Further, Blackwell gained the endorsement of Texas party chair Tina Benkiser, who herself had been mulling a run for the chairmanship. Her support broke the social conservative bottleneck that was created by the presence of Saltsman, and to a lesser degree, South Carolina state party hair Katon Dawson. At press time, it was believed that Blackwell had more than half of the 85 votes needed to win the chairmanship (there are 168 voting national committee members). Some press reports had Blackwell with only 30 votes, but RNC insiders say that had Chuck Yob remained in the race and not endorsed Blackwell, he would have held about 30 votes himself. “Blackwell has more votes than he’s being given credit for,” says one RNC insider. “The Benkiser deal has given him more votes than folks want to talk about because my guess is that about 40 to 50 votes on that committee are socially conservative.”
Rubin, It’s You
The Obama transition team was aware of New Mexico governor Bill Richardson‘s relationship with CDR Financial Products, the firm currently under investigation, because Richardson had introduced the firm’s founder, David Rubin, to Obama fundraisers during the Democratic convention in Denver last August. Richardson withdrew his name from nomination for commerce secretary due to a grand jury investigation into possible financial dealings between his New Mexico administration and Rubin’s firm. But it isn’t just Obama and Richardson that Rubin has ties to.
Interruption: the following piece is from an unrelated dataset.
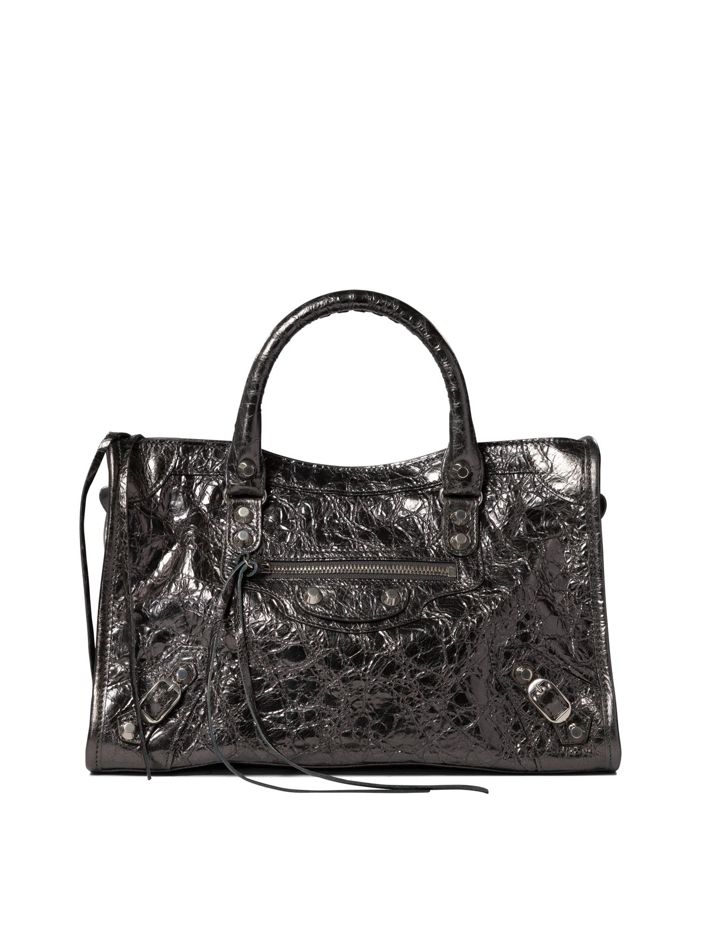 Balenciaga 's "Le City S"Handtasche ist das perfekte Accessoire für die moderne Frau, die eine Mischung aus Eleganz und Funktionalität sucht. Aus feiner Arena -Lambskin -Leder sticht diese Tasche für ihre Raffinesse und Praktikabilität, die sich ideal für die Bereicherung jedes Outfits mit einem Hauch von Stil bereichern kann. || - Abmessungen: 30x20x10 cm - Zwei handgewebte Ledergriffe - Abnehmbar und verstellbarer Schultergurt (Spannweite: 50 cm) - glänzendes silbernes Finish - Reißverschluss und geknotete Leder -Abzieher - Vordertasche mit Reißverschluss und geknoteter Lederabzieher - Innenpacktasche - Baumwoll -Leinwandfutter || Kombinieren Sie diese Tasche für einen kompletten und stilvollen Look mit einem beige Trenchcoat und einem Paar schwarzer Pumpen. Für eine lässigere Stimmung entscheiden Sie sich für Zigarettenjeans und eine weiße Bluse.

According to federal law enforcement officials familiar with the investigation, federal officials are also looking into CDR’s political and financial ties to Pennsylvania governor Ed Rendell, as well as to Democratic state and local officials in Illinois, California, Florida, and Pennsylvania. Rendell placed Rubin on a political patronage commission in Pennsylvania, and Rubin was also given a seat on a Los Angeles City commission back in 2002, both seemingly as the result of monetary contributions to political action committees. Rubin has also been a financial supporter of Rev. Al Sharpton. CDR also had close business ties to Freddie Mac and Fannie Mae, marketing and selling financial instruments created through low-income housing “lease to own” programs across the country. “If someone wants to understand just how deep Democrats are into the housing bubble and the economic crisis, they should look at some of the financial wheeling and dealing around some of those ‘lease to own’ programs,” says a former Freddie Mac lobbyist based in Washington. “It’s a veritable ‘who’s who’ of Democratic state and local politics from New York to Los Angeles.”
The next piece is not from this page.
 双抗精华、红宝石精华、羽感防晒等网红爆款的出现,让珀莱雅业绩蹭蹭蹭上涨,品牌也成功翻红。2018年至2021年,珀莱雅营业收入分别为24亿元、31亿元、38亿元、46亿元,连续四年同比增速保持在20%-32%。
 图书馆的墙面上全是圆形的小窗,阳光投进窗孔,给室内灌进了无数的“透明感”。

Rubin, founded the firm known for many years as Chambers, Dunhill, Rubin & Co, though there is no Chambers or Dunhill associated with the firm. It appears that after a number of embarrassing IRS investigations into alleged back-door deals related to municipal bond financing in Atlanta and other localities in the late 1990s, the firm’s name was changed to CDR Financial.
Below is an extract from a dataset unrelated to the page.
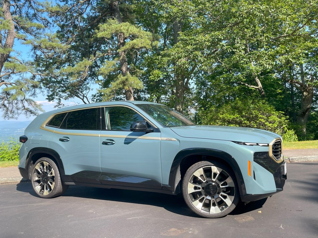 The 2023 XM rides on massive 23-inch alloy wheels that can be finished in gold. Our model had mixed-perf tires. For BMW, mixed means staggered, so the tires in the rear are wider than the ones in the front.

According to a Bloomberg News report and New Mexico records, between 2003 and 2004, CDR made $951,566 advising the New Mexico Finance Authority on $420 million of interest rate swaps. By comparison, when New York City offered $900 million in derivatives, it paid its adviser about $400,000.
“Long before Bill Richardson was governor, New Mexico was known to be one of the most corrupt states in the country,” says a current Federal Bureau of Investigations official who has overseen criminal investigations related to drug trafficking and organized crime in the state. “If there is anything to this investigation, it appears that it’s just politics as usual for New Mexico.”